| TASK TO COMPLETE |
Write the listing below out again in full, dropping its pictures.

| RECORDED INFORMATION |
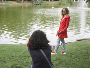 Давно не була на ВДНГ, уже цікаво! Вражає архітектура і добротність історичних павільйонів (і мої дитячі спогади про неймовірні експонати всередині) Чесно кажучи шукала місце під колонами (на випадок дощу) і так, щоб було видно фонтан - він чудовий! За 50 років виросли великі красиві дерева. Але хотілось показати і сучасних відвідувачів: писала з натури, проводячи поглядом. Всі різні, всі гарні!!! Момент істини...
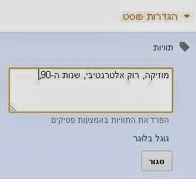 - בעת כתיבת רשומה (פוסט) מצד שמאל מופיעות הגדרות הפוסט, נלחץ על תוויות, נקליד את התוויות המשייכות את הפוסט הספציפי ונפריד ע"י פסיק. בכל עת נוכל ליצור תוויות נוספות או לסמן תוויות שנכתבה ולמחוק אותה. אפשרות זו נועדה לפוסט בודד.
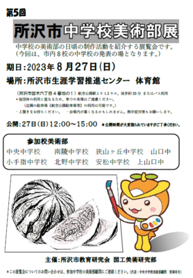 8月27日(日)に所沢市生涯学習推進センターにて、「第5回 所沢市中学校美術部展」が開催されました。
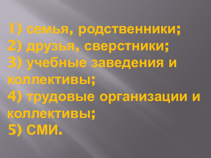 Слайд 271) семья, родственники; 2) друзья, сверстники; 3) учебные заведения и коллективы; 4) трудовые организации

| REPLY |
 Давно не була на ВДНГ, уже цікаво! Вражає архітектура і добротність історичних павільйонів (і мої дитячі спогади про неймовірні експонати всередині) Чесно кажучи шукала місце під колонами (на випадок дощу) і так, щоб було видно фонтан - він чудовий! За 50 років виросли великі красиві дерева. Але хотілось показати і сучасних відвідувачів: писала з натури, проводячи поглядом. Всі різні, всі гарні!!! Момент істини...
 - בעת כתיבת רשומה (פוסט) מצד שמאל מופיעות הגדרות הפוסט, נלחץ על תוויות, נקליד את התוויות המשייכות את הפוסט הספציפי ונפריד ע"י פסיק. בכל עת נוכל ליצור תוויות נוספות או לסמן תוויות שנכתבה ולמחוק אותה. אפשרות זו נועדה לפוסט בודד.
 8月27日(日)に所沢市生涯学習推進センターにて、「第5回 所沢市中学校美術部展」が開催されました。
 Слайд 271) семья, родственники; 2) друзья, сверстники; 3) учебные заведения и коллективы; 4) трудовые организации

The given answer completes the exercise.